Е.Е.: Свобода в России с ее рисками и тревогой потеряла прелесть новизны и приелась. Сегодня она почти никому не нужна. Вот в чем, я думаю, дело. Свобода как ценность, как практика, как выбор — не имеет кредита ни у российских элит, ни у массы. Они не понимают ее ценности, а часто видят в ней что-то опасное и вредное. Свободе люди стали предпочитать иллюзии “покоя”, “стабильности”, “сильного государства”, “управляемой демократии”, “справедливости”… Они стали жить зажиточнее и благополучнее, но это не научило их любить свободу именно и только за то, что она есть.
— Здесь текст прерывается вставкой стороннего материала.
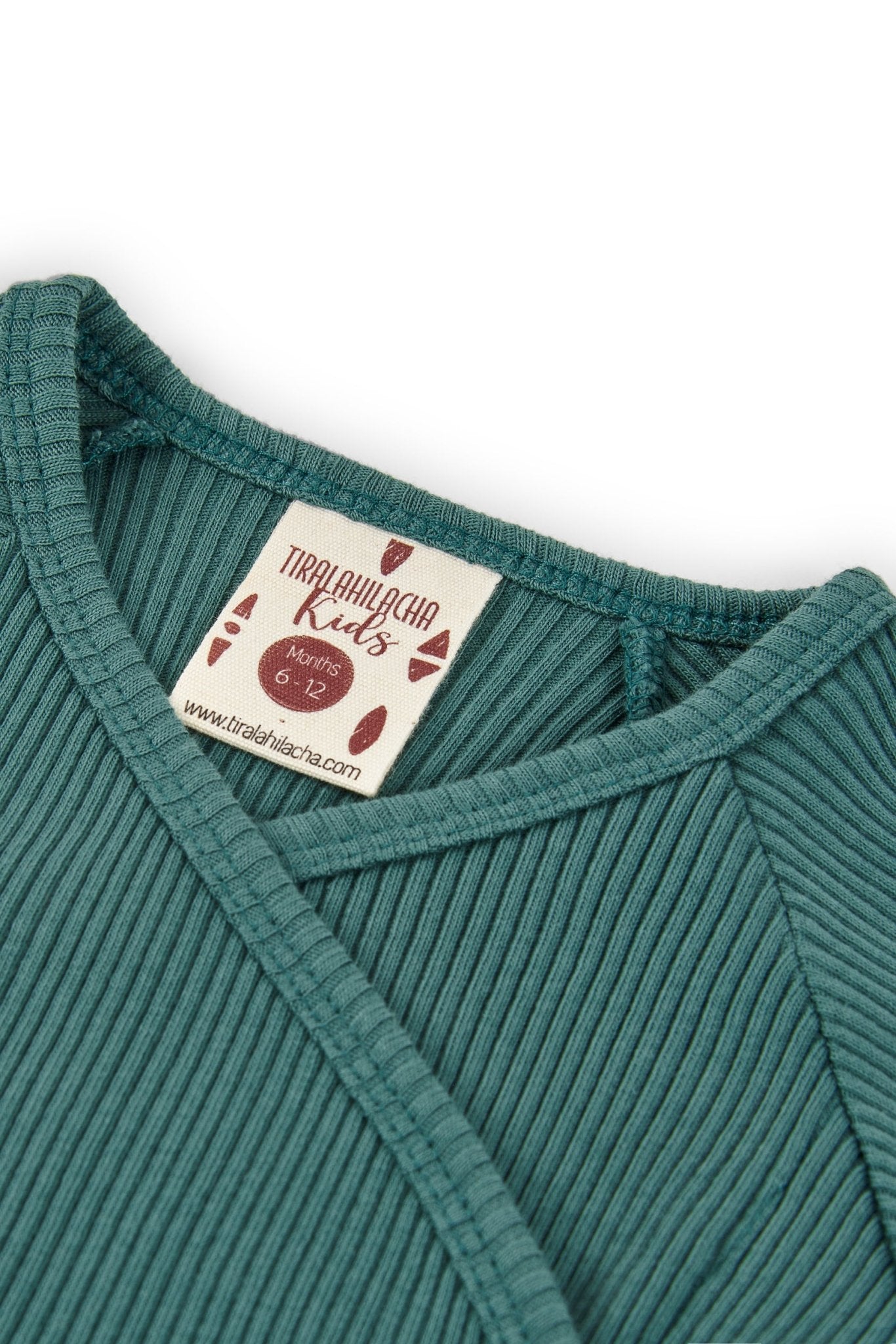 Griselle is a long-sleeved, ribbed baby bodysuit. It has nickel-free clasps at the neckline and bottom so that you can easily dress your baby. It is a comfortable and warm garment, very soft and pleasant to the touch. A basic Origin in sky blue, from the AURA collection that conveys strength and light and gives a special and exclusive touch to the garment. All our garments are made free of toxins and are hypoallergenic for your little one’s soft and delicate skin.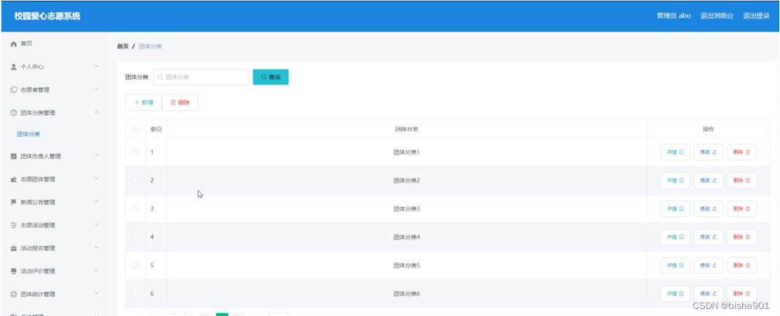 团体分类管理,在团体分类管理页面中可以对索引、团体分类等信息进行详情,修改或删除等操作,如图4-10所示。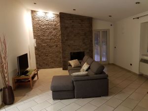 Tipica soluzione anche questa. Il rivestimento a mattone esalta il camino dandogli una veste “informale” molto apprezzata per la sua eleganza e in grado di abbinarsi molto bene con qualsiasi tipo di arredamento.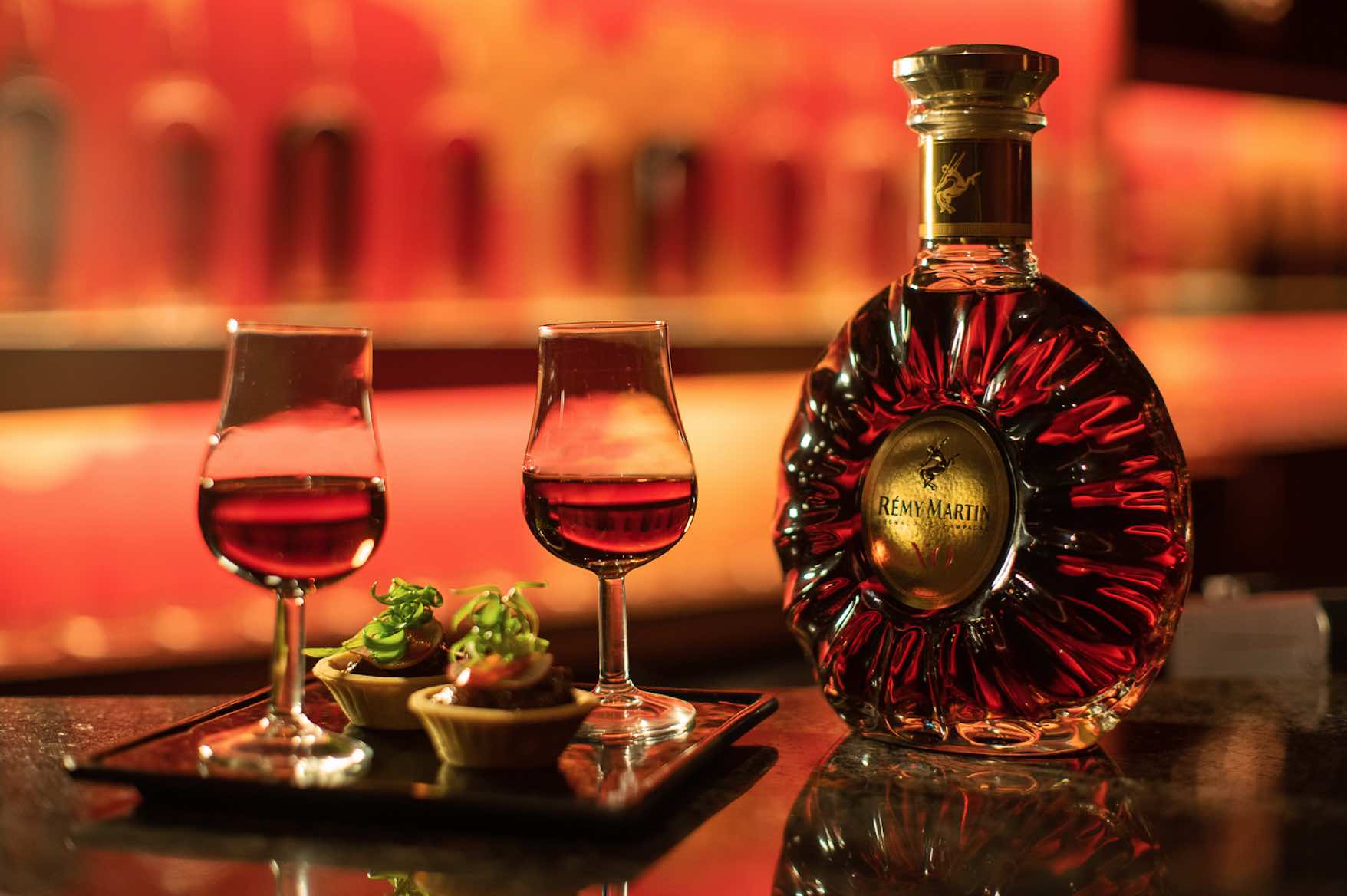 Tying in with Junior’s ever-evolving interiors, Rémy Martin and the Lunar New Year occasion come to life in the brightly coloured mural wall stretching around the seating area of the space. Get into the festive mood under the whimsical artwork with familiar motifs of the Ox, Rémy Martin’s signature Centaur, vineyards and Cognac barrels.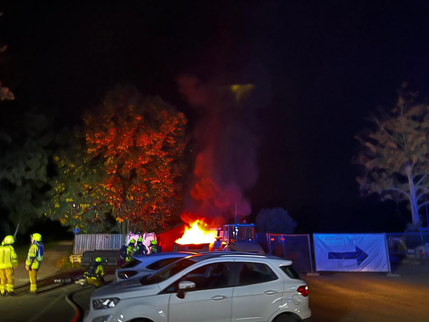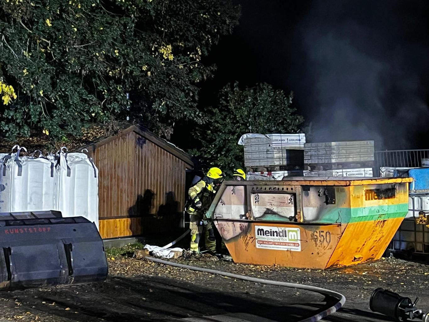 Auf dem Parkplatz am Jahnweg geriet der Inhalt eines Abfallcontainers einer Baufirma in Brand. Durch die unmittelbare Nähe zu einer Holzkonstruktion des Sportvereins, einem Baum sowie dem Radlader der Baufirma bestand durch die große Hitzeeinwirkung die Gefahr der Ausbreitung. Dies konnte durch den Einsatz der Feuerwehr verhindert werden. Der Brand wurde gelöscht und der Container mit Schaum gefüllt, um ein Wiederaufflammen zu verhindern.

Когда общество духовно деградировало, впало в детскую бессознательность и безответственность и погрузилось в инфантильные грезы, попутно выродились и представления о либерализме и консерватизме. Либерал воспринимается теперь как космополит, эгоист, гедонист и попуститель. Консерватор же истолкован как этатист, ура-патриот и неосоветский реваншист. Ничуть не удивительно, что такое настроение пришло и в критику, в литературную журналистику.
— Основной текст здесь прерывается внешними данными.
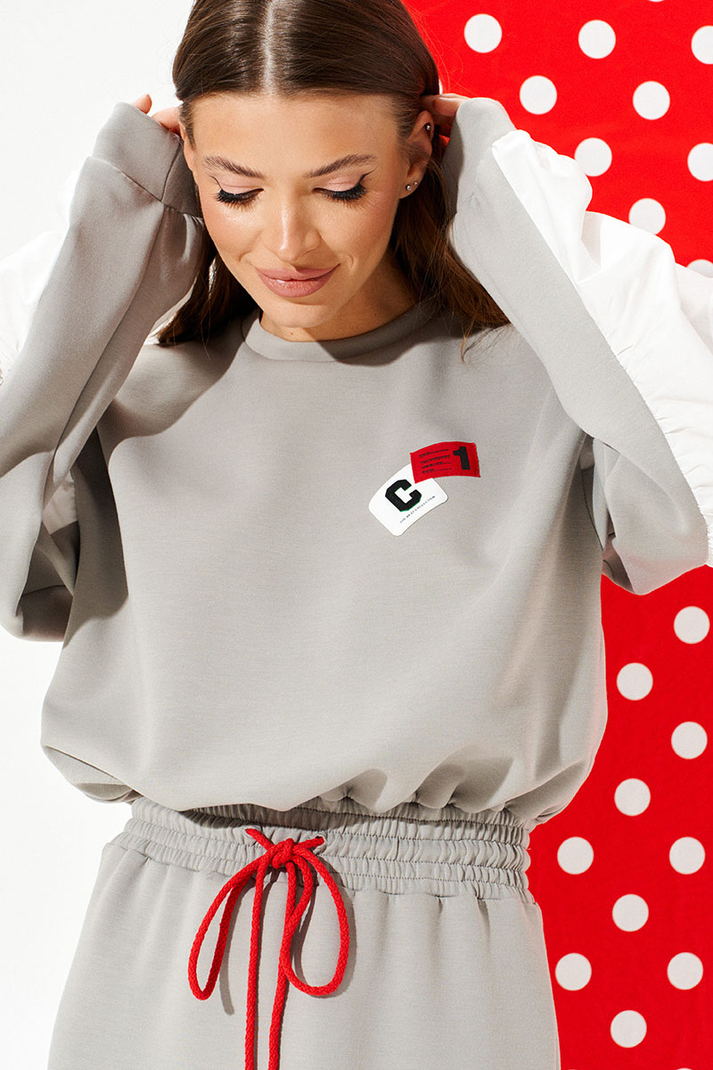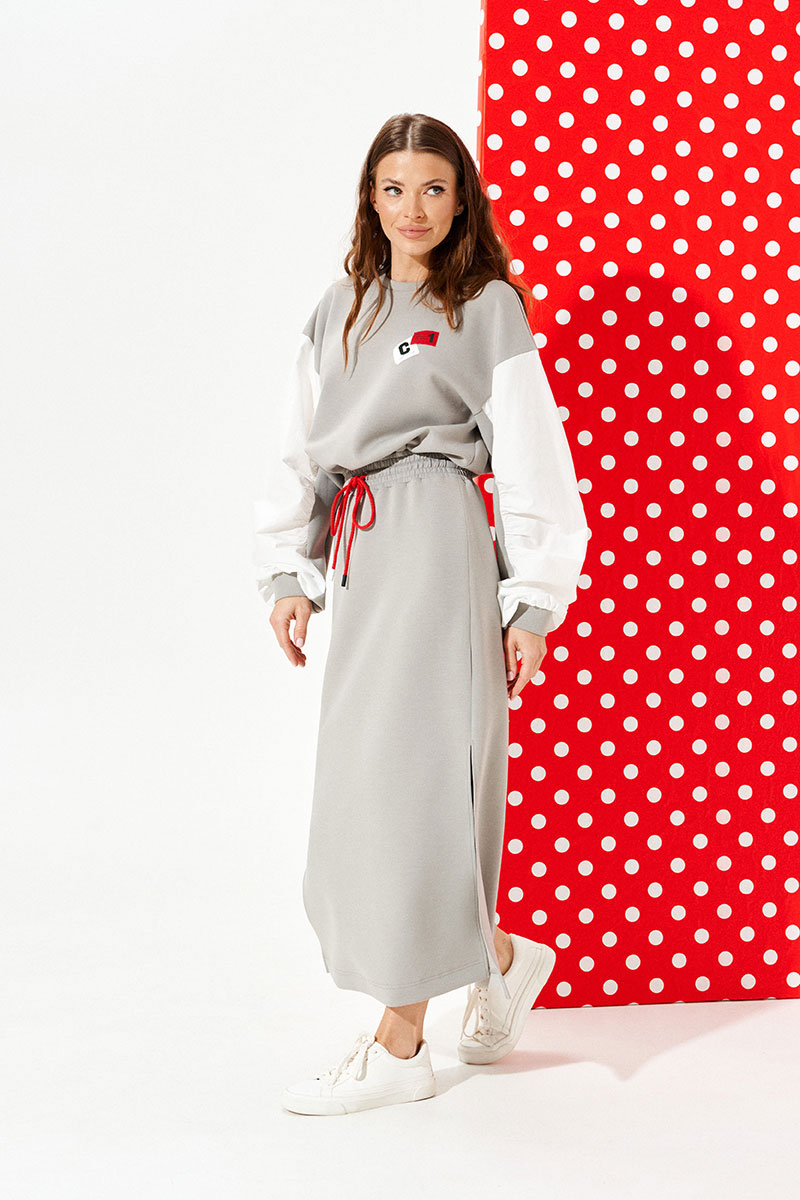 Платье из трикотажного полотна умеренного объема, приталенного силуэта, отрезное по линии талии, с круглым вырезом горловины. Верхняя деталь переда декорирована двумя настрочными нашивками. Нижняя деталь спинки со средним швом. Боковые швы заканчиваются разрезами. Пояс притачной, на резинке. По поясу проложены отделочные строчки, образующие кулиску, в которую продет декоративный шнур-завязка с наконечниками. Рукав втачной, трехшовный, длинный. Рукав со вставкой из контрастной ткани со сборкой по швам притачивания детали к рукаву. Нижний срез рукава обработан манжетой.

К сожалению, выродились и извращены не только представления, но и практика реализации той и другой жизненной позиции.
Есть много причин этого кризиса. Но одна из них — это откровенная бесовщина, которая овладела модными художниками и теоретиками, позиционировавшими себя в парадигме “русского постмодернизма”. Адепты этой идеологии узурпировали право называться либералами, по-шулерски перехватили козыри свободы. Загрузившись в столь удобные розвальни, постмодернистская богема погнала к яру, активно потреблять удовольствия, а своих оппонентов по дороге убивала снисходительно-презрительными взглядами.
Что-то слышалось родное в песнях ямщика. Только на смену лозунгу “победа коммунизма неизбежна” пришел слоган “победа постмодернизма неизбежна”. Иными словами, критикам этого поветрия или сомневающихся не было предоставлено никакой возможности не подчиниться якобы фатальной логике культурных процессов.
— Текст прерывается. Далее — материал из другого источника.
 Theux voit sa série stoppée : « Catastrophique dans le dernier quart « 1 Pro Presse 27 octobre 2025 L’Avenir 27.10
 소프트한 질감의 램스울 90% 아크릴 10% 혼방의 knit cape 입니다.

Реально это явление едва ли может считаться аналогом западного постмодернизма, разве что очень дальним родственником. Это скорее банальный цинический захлеб и разгул на фоне постсоветского раскрепощения. Что-то вроде русского вольтерьянства в описании Василия Ключевского. На Западе просто были выбраны подходящие ярлыки для обозначения отечественной болезни, эпидемически поразившей последнее в основном поколение советского андеграунда.
Это был просто обвал. Ведь именно литература в России веками формировала общественную повестку дня, именно здесь выносились на мирской и Божий суд главные мысли и чувства человека. И вдруг ни с того ни с сего всякая литературная мелочь забегала с криками о том, что ей, мелочи, страшно мешает духовная и социальная миссия словесности. Что ей тяжело нести. Что ей хочется легкости. Почти в одночасье пространство литературы оказалось заполнено отрыжкой пошлых игрищ.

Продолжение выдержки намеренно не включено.